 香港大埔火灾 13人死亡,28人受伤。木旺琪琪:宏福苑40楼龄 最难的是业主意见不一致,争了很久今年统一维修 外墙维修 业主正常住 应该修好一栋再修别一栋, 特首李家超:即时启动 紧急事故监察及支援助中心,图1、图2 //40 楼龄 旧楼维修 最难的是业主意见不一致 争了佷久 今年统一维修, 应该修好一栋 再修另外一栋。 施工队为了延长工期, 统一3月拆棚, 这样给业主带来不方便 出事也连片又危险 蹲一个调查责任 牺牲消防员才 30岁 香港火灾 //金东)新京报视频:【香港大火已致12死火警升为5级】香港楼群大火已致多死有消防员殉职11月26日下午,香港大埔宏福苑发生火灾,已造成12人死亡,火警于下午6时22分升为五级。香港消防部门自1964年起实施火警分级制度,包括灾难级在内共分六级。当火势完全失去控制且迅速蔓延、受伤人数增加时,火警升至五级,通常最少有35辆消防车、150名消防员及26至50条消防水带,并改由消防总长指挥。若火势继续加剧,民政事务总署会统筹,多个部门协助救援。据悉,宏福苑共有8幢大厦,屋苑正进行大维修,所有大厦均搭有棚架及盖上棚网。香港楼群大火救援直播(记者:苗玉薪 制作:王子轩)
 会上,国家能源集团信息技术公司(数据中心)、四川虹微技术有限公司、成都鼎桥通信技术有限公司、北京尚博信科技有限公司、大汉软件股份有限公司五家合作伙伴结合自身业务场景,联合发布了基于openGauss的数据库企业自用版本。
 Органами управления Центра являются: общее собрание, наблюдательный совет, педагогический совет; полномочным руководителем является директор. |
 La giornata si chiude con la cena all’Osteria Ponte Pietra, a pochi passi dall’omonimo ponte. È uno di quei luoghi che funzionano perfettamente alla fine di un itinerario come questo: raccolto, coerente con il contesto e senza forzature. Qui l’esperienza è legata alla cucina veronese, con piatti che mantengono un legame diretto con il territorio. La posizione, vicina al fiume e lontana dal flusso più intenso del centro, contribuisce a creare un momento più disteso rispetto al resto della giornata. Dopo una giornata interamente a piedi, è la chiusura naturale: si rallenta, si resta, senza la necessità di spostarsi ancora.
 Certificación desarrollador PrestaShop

...

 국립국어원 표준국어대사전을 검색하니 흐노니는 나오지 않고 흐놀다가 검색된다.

→ **WORK INSTRUCTIONS**
After locating the line with "La giornata si" above, return that line and every later line through the one with "Certificación desarrollador PrestaShop", word for word and with nothing else.

→ **SOLUTION TO THIS EXERCISE**
 La giornata si chiude con la cena all’Osteria Ponte Pietra, a pochi passi dall’omonimo ponte. È uno di quei luoghi che funzionano perfettamente alla fine di un itinerario come questo: raccolto, coerente con il contesto e senza forzature. Qui l’esperienza è legata alla cucina veronese, con piatti che mantengono un legame diretto con il territorio. La posizione, vicina al fiume e lontana dal flusso più intenso del centro, contribuisce a creare un momento più disteso rispetto al resto della giornata. Dopo una giornata interamente a piedi, è la chiusura naturale: si rallenta, si resta, senza la necessità di spostarsi ancora.
 Certificación desarrollador PrestaShop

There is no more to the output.